Changing regulations and new requirements present serious challenges, but they’re challenges for which Kenworthy is ready. He holds a Bachelor’s degree in secondary education/social studies from Rhode Island College, a Master’s degree in education in secondary administration from Providence College and a doctorate in educational leadership from Johnson & Wales University.

His career in education has included teaching social studies at LaSalle Academy and North Kingstown High School, as well as working as an assistant principal in Cumberland and later, as principal of North Cumberland Middle School.

Most recently, he was a fellow in the Office of High School Reform – now called the Office of Multiple Pathways – at the R.I. Dept. of Education. That experience, he said, prepared him well for his new role, as it involved visiting high schools and being well-versed in new high school regulations.

Kenworthy also has some ad- ditional experience that will serve him well in his role at N.K.H.S. – coaching.

He has coached both football and softball, and said that his experience in setting goals and motivating his team to reach those goals will be useful at the high school.

“There are quite a few similarities,” he said of the two roles. “I’m asking, ‘what are the goals we need [to meet] to continue to be a highperforming school?’”

Leading a school – like leading a team – is about identifying challenges and devising a plan to meet them, he said.

Among the challenges he’ll face at N.K.H.S. is the size of the school itself, he said. As of early August, 1,682 students were enrolled at the high school.

“We’re one of the few communities that has continued to grow,” he said.

Kenworthy said he’ll also focus on trying to be as visible as possible, both during the school day and after hours.

“There are many things pulling the principal in many different directions,” he said.

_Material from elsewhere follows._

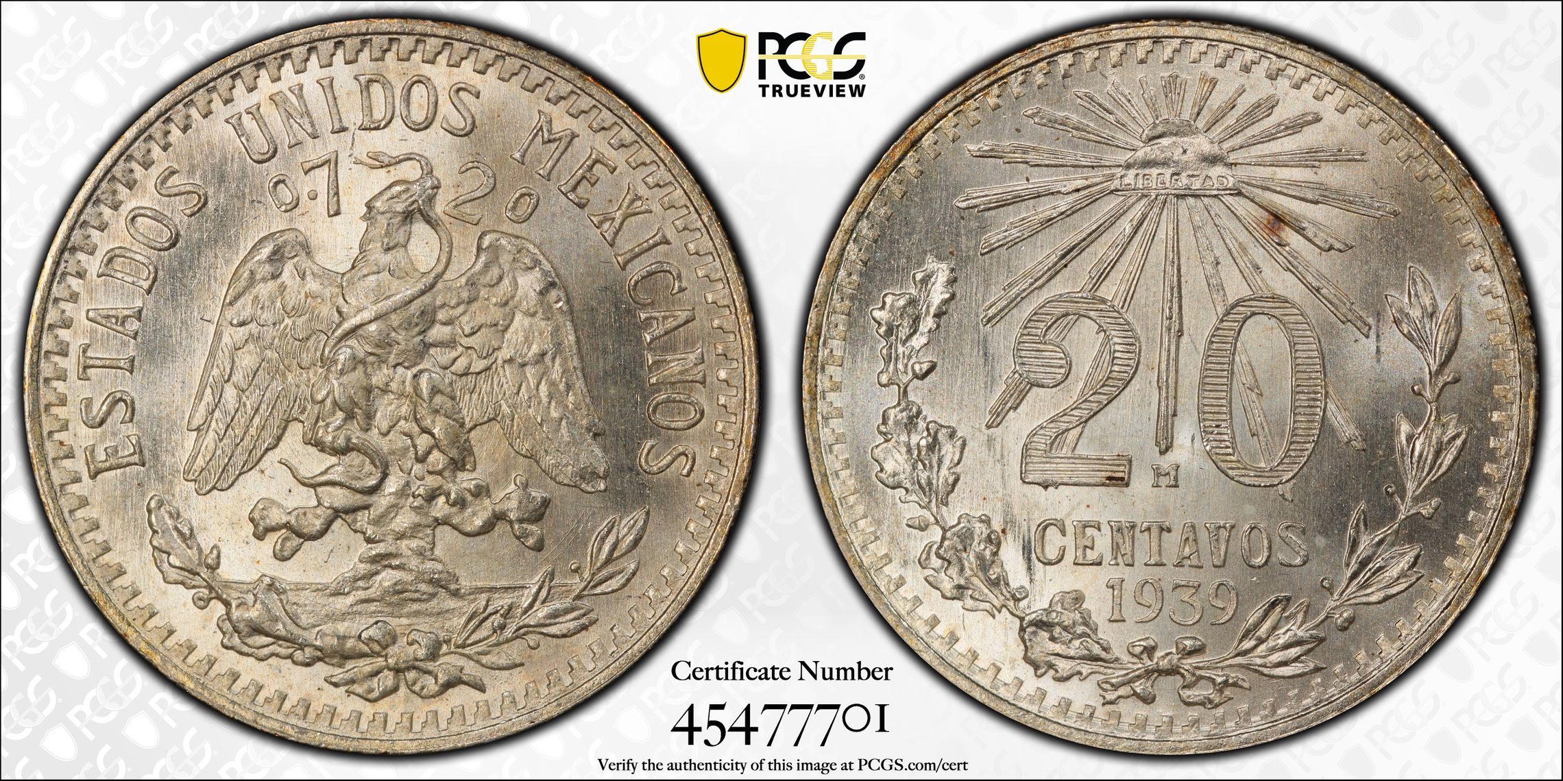 此证书是目前出现在 cca1980 Set Registry库存和的一个set或多个set,其中包括 CB Mex Silver 20 Centavos

Kenworthy also said that the very characteristics about N.K.H.S. that present challenges – such as its size – are also the things that make the school a unique learning environment.

“This school has so much going for it,” he said. “There’s a wealth of opportunities that exist for our students.”

When asked what advice he might offer to incoming freshmen, he said, “Take advantage of those opportunities. But recognize that your primary focus is to learn.”

He also encouraged all students to find a way to build connections to the school – and to be part of the school community.

“It breaks my heart when that isn’t the case for some students,” he said.

As for what he’d like upperclassmen to know, Kenworthy said he hopes they realize that the high school experience mirrors life in general.

“Life will always present you with similar challenges,” he said.

When he isn’t at school, Kenworthy – who grew up in the Riverside section of East Providence and graduated from LaSalle Academy – spends as much time as possible with his wife, Elizabeth, and his two daughters – seven-year-old Victoria and four-week-old Tamsin. He also enjoys playing golf and “working out as much as I can,” he said.

And as for what he’d like parents to know?

“I’m here,” he said. “And I try to make myself available.”

School begins Sept. 1 at North Kingstown High School.